Dietary changes have typically been considered the primary component for improving body composition in obesity management(Reference Ashtary-Larky, Ghanavati and Lamuchi-Deli18). Numerous studies have shown that alteration in dietary intake (carbohydrate, protein, fat and total energy) can result in body composition alterations(Reference Ashtary Larky, Bagheri and Abbasnezhad19–Reference Layman, Evans and Erickson22). Since the existing literature offers contradictory findings of the effects of betaine supplementation on body composition, it seems necessary to evaluate whether differences in dietary intake concurrent with betaine supplementation could have influenced these findings.

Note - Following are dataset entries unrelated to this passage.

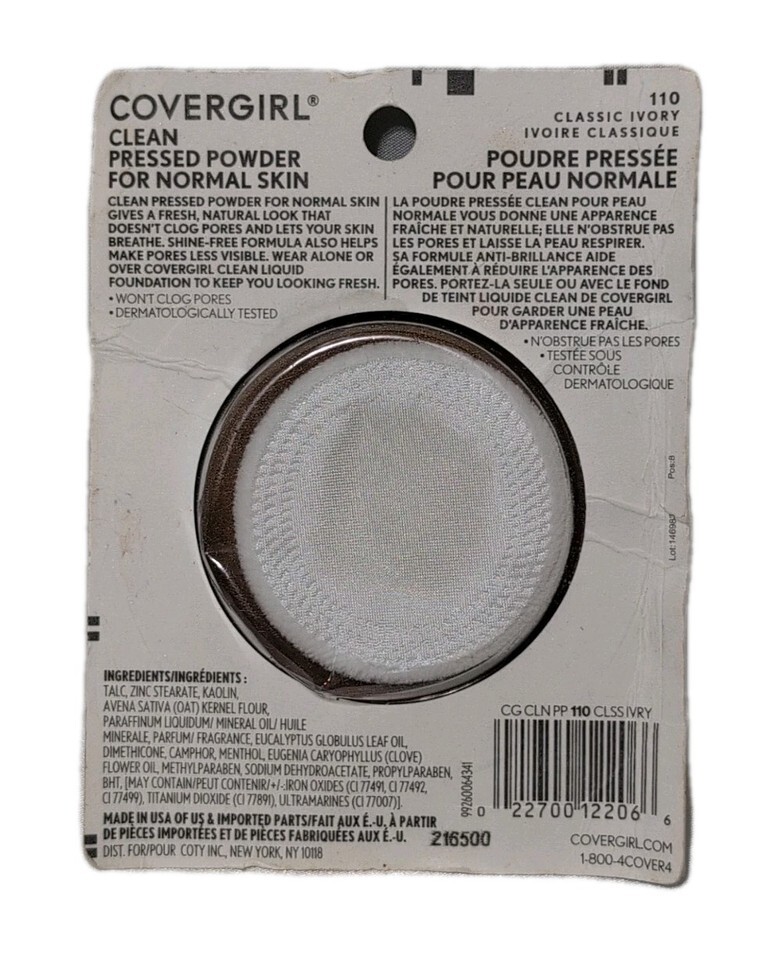 - Covergirl Clean Pressed Powder, Classic Ivory #110 Talc Compact w/ mirror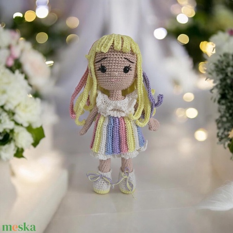 Horgolt szivárványka baba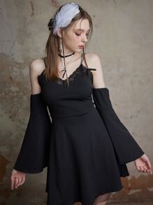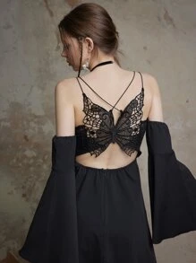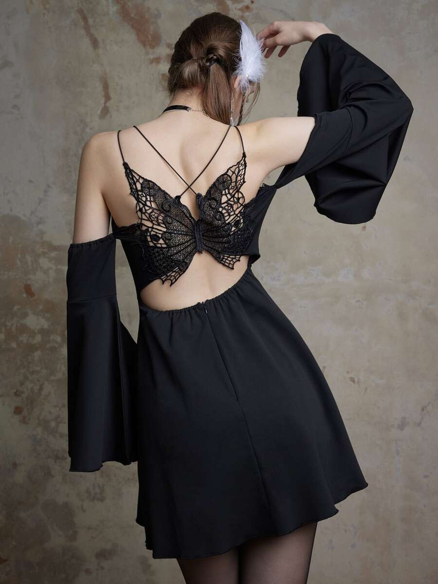 Fairycore Butterfly Appliques Cut Out Backless Cold Shoulder Dress
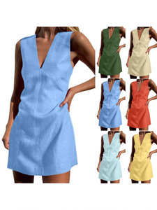 2024 ヨーロッパとアメリカンスタイルの V ネックコットンリネンノースリーブドレス女性の夏のベーシックソリッドカラースリムベストショートドレス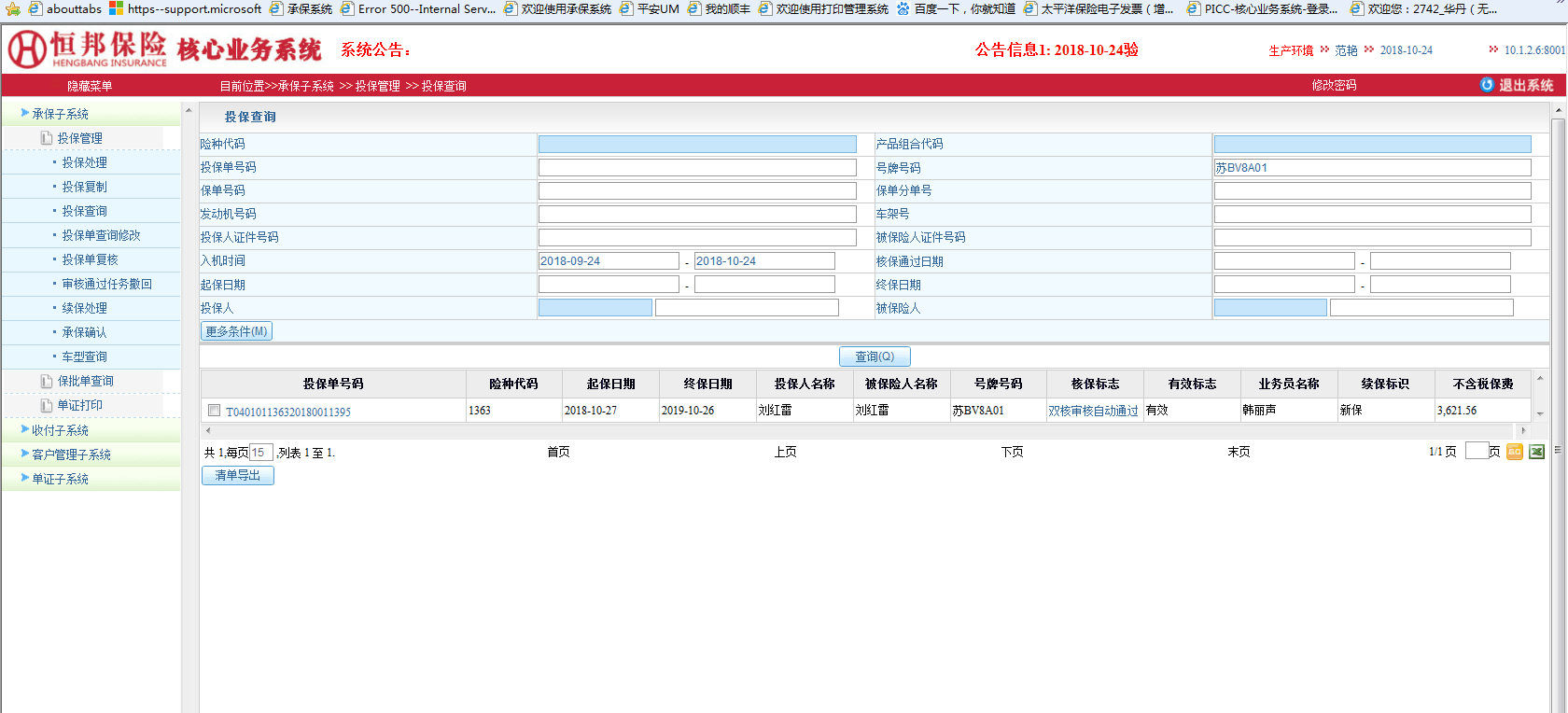 江苏统一朱晓梅反应问题:恒邦在线出单报价成功后提交核保后没有反应,但是恒邦系统内显示核保成功,而且管理系统中的投保单也没有将投保单状态变为核保成功。
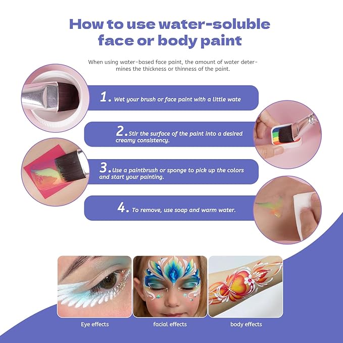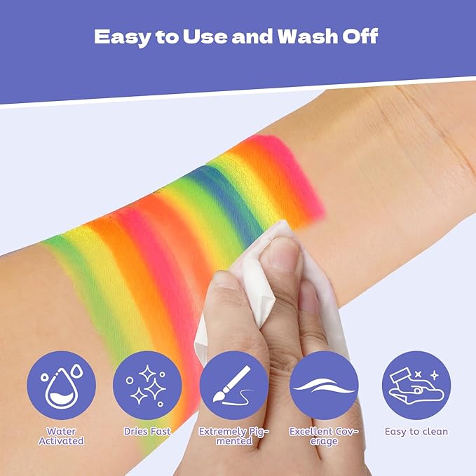 - Easy to Use and Wash Off face painting kit professional: Different from cleaning oil-based painting;Our Face Painting kits Water Activated and Dries Fast With Extremely Pigmented,Provide Long Lasting,Smooth and Excellent Coverage,Less Prone to Fading or Cracking.Please note that it is not waterproof,Easy to clean ,You Can Easy Wash Off With Soap and Water or Wet Wipes
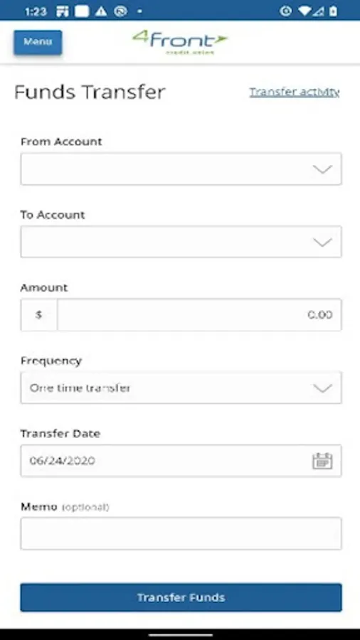 TRANSFER FUNDS. Create, approve, cancel, or view funds transfers between eligible 4Front accounts.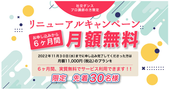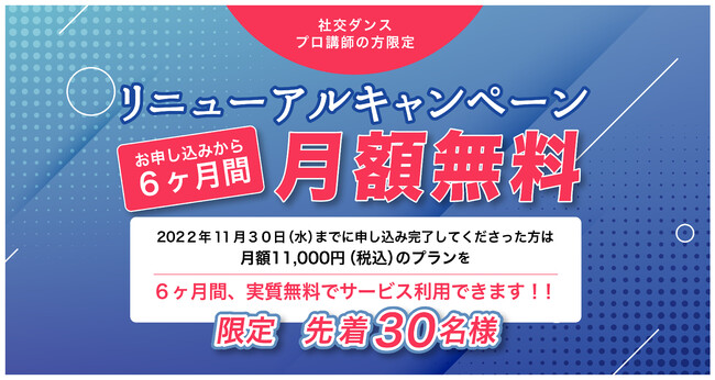 キャンペーン内容:2022年11月30日(水)までに申し込みを完了してくださった方は月額11,000円(税込)のプランをお申し込みから6ヶ月間、実質無料でサービス利用できます。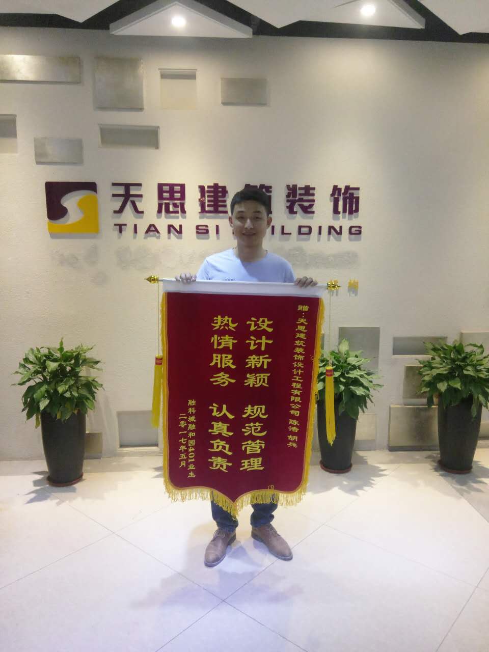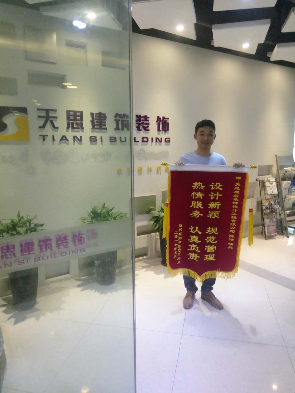 “服務(wù)熱情素質(zhì)好,辦事認(rèn)真效率高”是業(yè)主對(duì)天思裝飾的肯定。一直以來,天思裝飾的全體員工都盡力做好每一家的裝修工程,同時(shí),業(yè)主為天思裝飾送來錦旗,也讓我們很是感動(dòng)。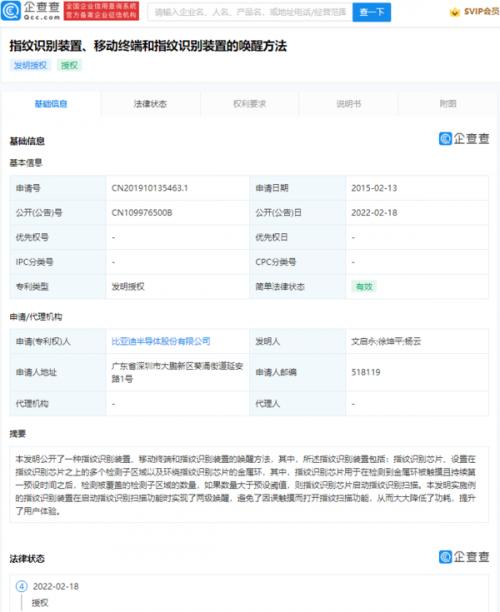 提到比亚迪,可能人们对它印象最深的都是其生产的汽车。其实除了汽车外,比亚迪还有着半导体和电池两大产业。企查查App显示,2月18日,比亚迪半导体股份有限公司申请的“指纹识别装置、移动终端和指纹识别装置的唤醒方法”获得授权。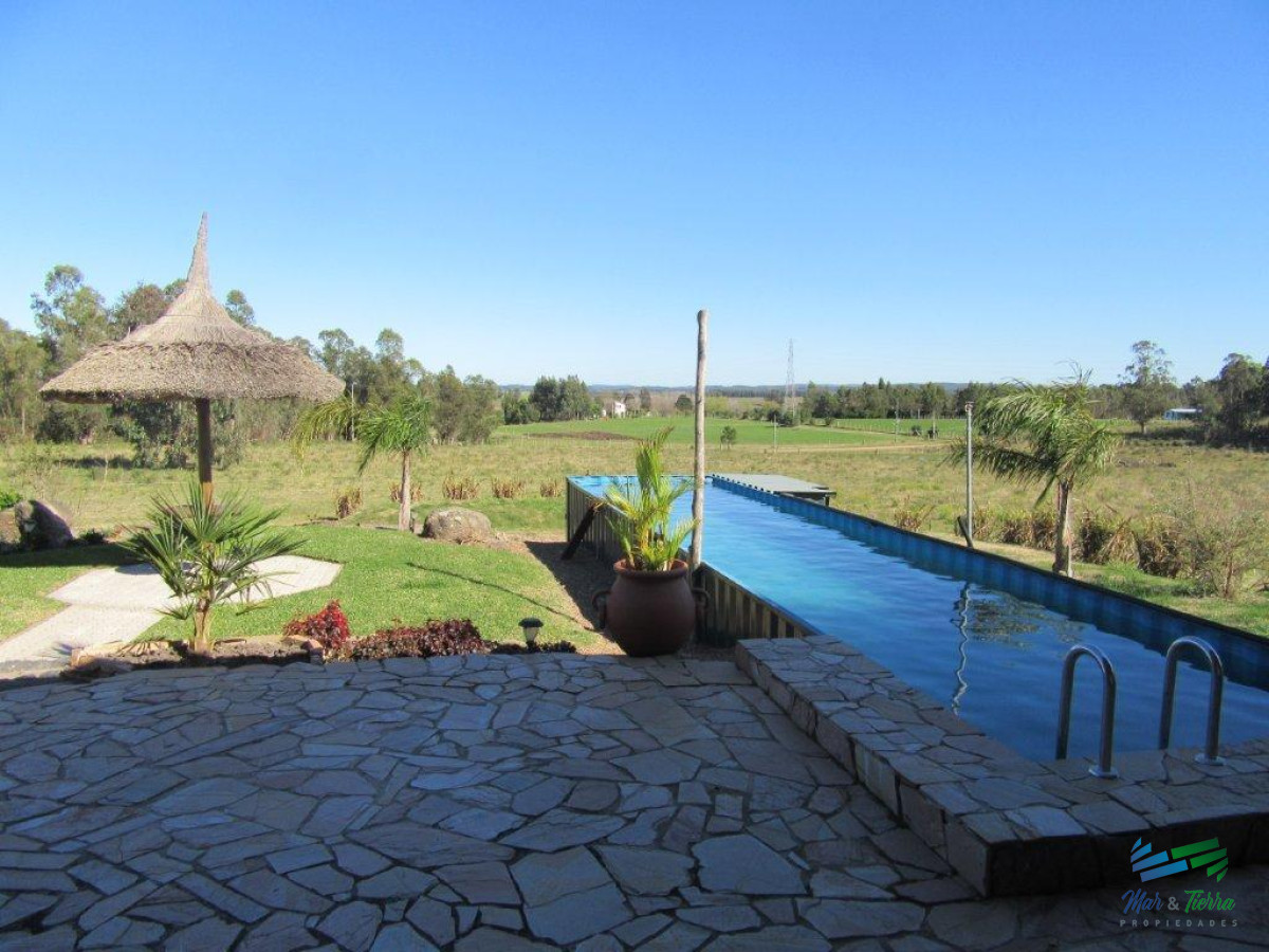 7 Has con casa a 1 hora de Mdeo y Punta. Casa de 140 mts 2 dormitorios y 2 baños. Galpón y piscina hechos con contenedores marítimos también. Huerta y monte. Muy buena ubicación. Consultenos tenemos mas chacras en la zona

Therefore, we aimed to conduct a systematic review and meta-analysis of the pooled data from RCT in adult humans to compare the efficacy of betaine supplementation for altering body composition indices (BM, BMI, FM, BFP and fat-free mass (FFM)) and influencing dietary intake (carbohydrate, protein, fat and total energy).
Experimental methods
The present systematic review and meta-analysis is reported in accordance with the Preferred Reporting Items of Systematic Reviews and Meta-Analysis (PRISMA) statement guidelines(Reference Moher, Liberati and Tetzlaff23).
Data sources and search strategies
A comprehensive literature search of five databases, including PubMed, the Cochrane Library, Web of Science, Embase and SCOPUS, was performed using the related terms ‘betaine’, ‘betaine supplementation’ and ‘trimethylglycine’, in combination with the keywords ‘body composition’, ‘anthropometry’, ‘weight’, ‘body mass’, ‘fat mass’, ‘body fat percentage’, ‘waist circumference’, ‘hip circumference’, ‘fat-free mass’, ‘lean body mass’, ‘lean mass’, ‘body mass index’, ‘BMI’, ‘weight loss’, ‘fat loss’, dietary intake’, ‘intake’, ‘diet’, ‘carbohydrate’, ‘fat’, ‘protein’, ‘calorie’, ‘energy’, to identify studies published until 18 December 2020. The process of the search strategy is shown in the flow diagram (Fig. 1).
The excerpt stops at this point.